The ABCD for Cultural Recovery work is creating ripples outside the project. Cultural organisations in the City are sharing training opportunities, Brighton Artists Network has set up their Open Venues scheme in partnership with Fabrica and Brighton Dome & Brighton Festival, BDBF has pre-empted the Creative Worker Income Guarantee work strand with their In House Artist scheme and some of the organisations applying to round three of the Cultural Recovery Fund are committing 3% of their ask to support the continued involvement of freelancers in the ABCD project. 

Thanks to support from the central government’s Welcome Back fund (via Brighton & Hove City Council), The Pebble Trust, Cause 4 and Brilliant Brighton we are now able to offer just over £200k towards cultural recovery projects in the city for outdoor commissions, artist-led alternative tours, training providers and equipment suppliers. These are the open contracts on offer (deadline 3rd Sept, more info here) to support the local creative community. We are also developing the Culture in Our City website, offering leadership support, profiling creative businesses and creating a wayfaring trail in the City – more on all these projects soon. We are hoping the first outdoor commissions will take place in November this year and we are planning to recruit for the Space to Grow Working Group (see pages 24 & 25 of the plan here) this autumn. 

We are also on the hunt for a Co-Chair to work with Donna Chisholm to lead the Governance Group. We need an experienced chair with an identifiable enthusiasm for the contribution creative industries can make to society and to the economy.

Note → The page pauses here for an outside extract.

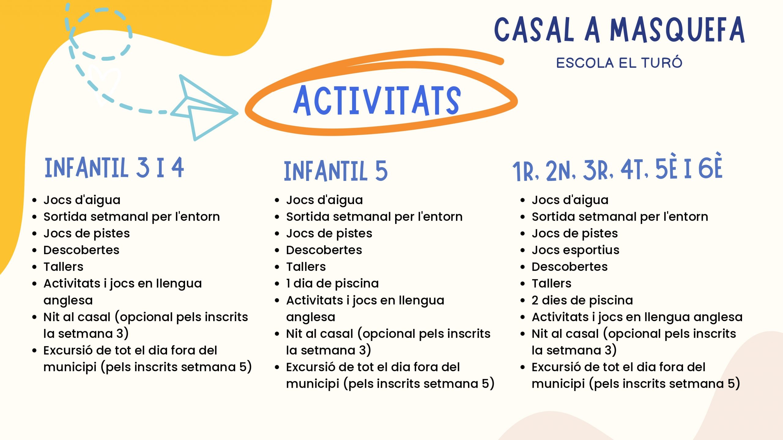 - Tota la informació sobre ELS CASALS D’ESTIU la trobareu aquí

We welcome applications from individuals in allied sectors, such as Higher Education, Health, Tourism and Business. The deadline is 17th September. More details here. Please spread the word. 

The active work continues

This project is hard. Sometimes I feel like it’s impossible to create a truly inclusive cultural recovery in Brighton & Hove. I get tired when I find myself asking the same questions and pushing the same agendas as at the beginning of the project. The active work continues. The power of collective endeavour is not always easy but it is possible to find ways to work together differently.

I’ve found it helpful to refer back to the values we put in place at the beginning of the project (inspired by the What Next principles on page 9 of the plan here). 

It is worth it. The strategy is finally resulting in a series of cultural activities that will take place in the real world, paying cultural workers to deliver new ideas for residents and visitors to Brighton & Hove. Conversations are happening that, I hope, will have an ongoing positive impact on the  City as we continue to recover. I hope to see you at one of the cultural events in the vibrant and diverse City of Brighton & Hove soon.